DADA2 denoising taking long time

Ruba_Devi_S · November 27, 2025, 7:10am

Issue:

I'm experiencing an extremely long runtime with the denoising (dada2) step in my QIIME2 pipeline. The process has been running for 10 days now with no completion in sight, and I'm trying to figure out what might be going wrong.

QIIME2 Version: 2024.10.1

Dataset Information

Number of samples: 152 [16s - CO1]
Read type: [paired-end]
Demux file size: [14.9GB]

Command Used

#!/bin/bash

#PBS -N denoise_co1-RP

#PBS -q cpu-q

#PBS -l nodes=1:ppn=30

#PBS -l mem=120gb

#PBS -V

#PBS -j oe

#PBS -o /pfs/home/ruba/projects/qiime2-amplicon/animal_diet/co1/dada2_denoising/trial1/denoising.log

# Truncation settings (EDIT BASED ON qzv)

TRUNC_LEN_F=180 # Truncate forward reads at this position

TRUNC_LEN_R=225 # Truncate reverse reads at this position

echo "Using trunc-len-f: $TRUNC_LEN_F, trunc-len-r: $TRUNC_LEN_R" >> "$LOGFILE"

# Run DADA2

qiime dada2 denoise-paired \

--i-demultiplexed-seqs "$INPUT_QZA" \

--p-trunc-len-f $TRUNC_LEN_F \

--p-trunc-len-r $TRUNC_LEN_R \

--p-n-threads 0 \

--o-table "$OUTPUT_DIR"/table.qza \

--o-representative-sequences "$OUTPUT_DIR"/rep-seqs.qza \

--o-denoising-stats "$OUTPUT_DIR"/stats.qza \

--verbose >> "$LOGFILE" 2>&1

Current System Status (top command) :

Log File Contents:

DADA2 started at: Mon Nov 17 11:10:12 IST 2025
Using trunc-len-f: 180, trunc-len-r: 225
R version 4.3.3 (2024-02-29)
Loading required package: Rcpp
DADA2: 1.30.0 / Rcpp: 1.0.13.1 / RcppParallel: 5.1.9
2) Filtering ............................................................................
3) Learning Error Rates
347333760 total bases in 1929632 reads from 2 samples will be used for learning the error rates.
434167200 total bases in 1929632 reads from 2 samples will be used for learning the error rates.
3) Denoise samples ............................................................................
............................................................................
5) Remove chimeras (method = consensus)

Could anyone help me to figure out what and where things are going wrong and how to solve this problem.
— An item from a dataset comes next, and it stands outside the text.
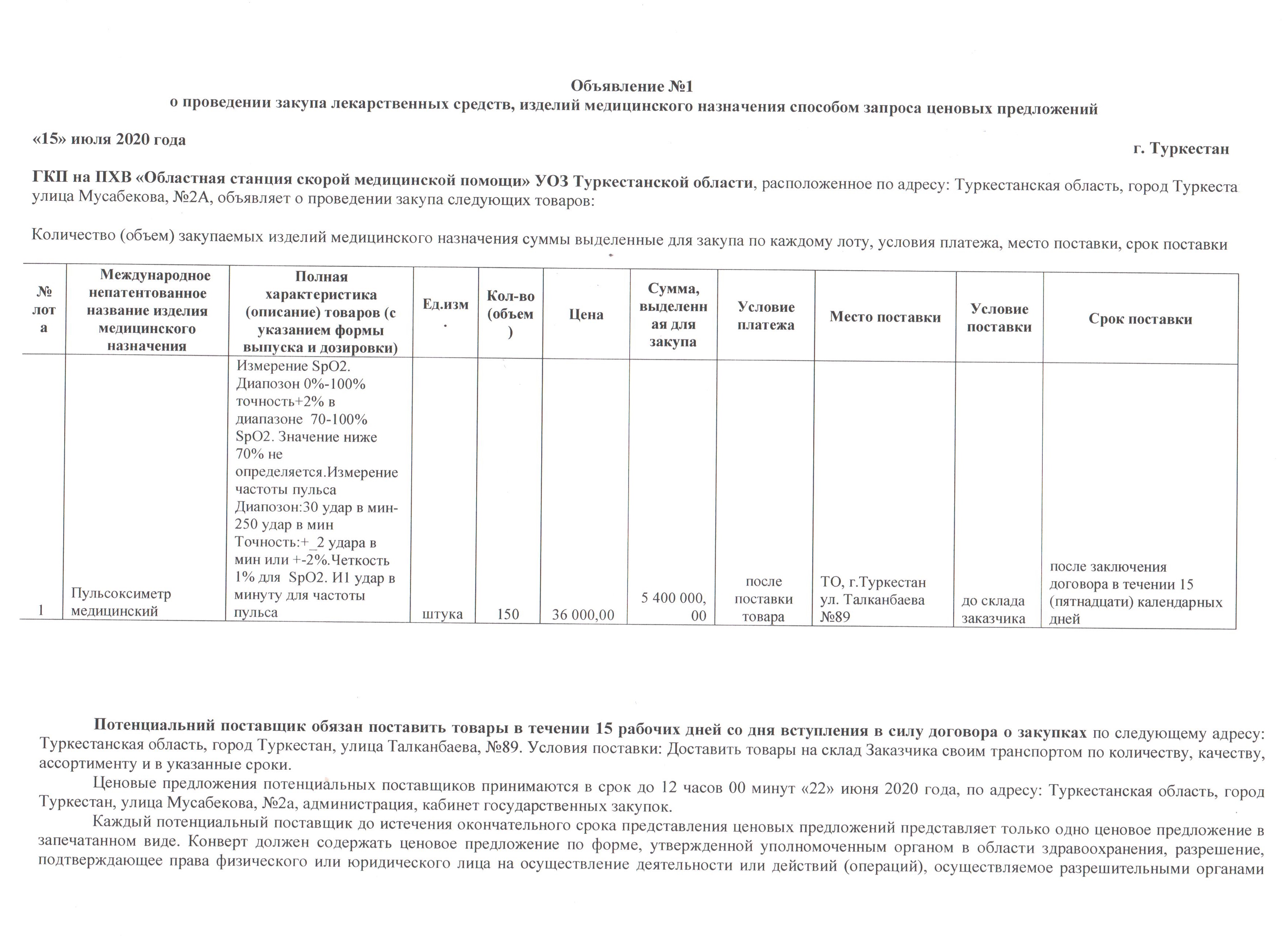Государственное коммунальное предприятие на праве хозяйственного ведения "Областная станция скорой медицинской помощи" управления общественного здоровья Туркестанской области

Any guidance would be greatly appreciated. Thank you!

timanix · November 27, 2025, 7:31am

Hello!

Looks like your samples were sequenced with extremely high sequencing depth.

That gives ~100 Mb per sample (usually for 16S I get 1-8 Mb with sufficient sequencing depth). I guess you have billions reads for each, so dada2 takes long time to process it. Are you running everything together?

In case if you decide to abort the current run, you can try:

Split your dataset into batches (16S separately, CO1 separately)
Split further each subset, especially if you have samples from different sequencing runs
Or, you may also consider subsampling your samples to the fraction of the total depth in a sample.

If you decide to split dataset into subsets, make sure that you are running the subset that should be merged later with identical parameters during primer removal / dada2 steps, otherwise there will be artificial clustering of the samples based on different trimming/truncation settings. In that way you can launch each subset in parallel on the HPC, then merge the tables and rep-seq files.

Hope that helps.

Ruba_Devi_S · November 27, 2025, 6:11pm

It is a 16s sequencing data of CO1 marker which has 142 samples for these I’m running it together. The data is not from different sequencing runs.

timanix · November 28, 2025, 12:04pm

Then I would either:

wait until it finish
or split them into batches and run dada2 with identical settings to merge later
or subsample samples to a fraction of the total number of reads in the sample

Ruba_Devi_S · December 1, 2025, 7:34am

can you suggest how i can do it. since my data is not from different sequencing run what could be the ideal method to split the data into batches

timanix · December 1, 2025, 7:47am

I am not familiar with your experimental design. Ideally, it would to separate them by the groups that you are not going to compare. For example, I did something similar with a very large dataset - I had several groups with treatment and several groups based on the GIT section or body site. Since it was already well known that GIT sections are very different from each other, I split my dataset by the section and compared treatment groups for each section separately.

If it is not possible and you have only treatment groups and all samples should be compared together, I would make sure that each group is equally (max 1 sample difference) represented in all batches. Keep batch info in the metadata to check if you get a strong batch effect after splitting.

Best,

Ruba_Devi_S · December 1, 2025, 10:53am

Thank you so much for the reply. Will try this.

system · January 1, 2026, 4:53pm

This topic was automatically closed 31 days after the last reply. New replies are no longer allowed.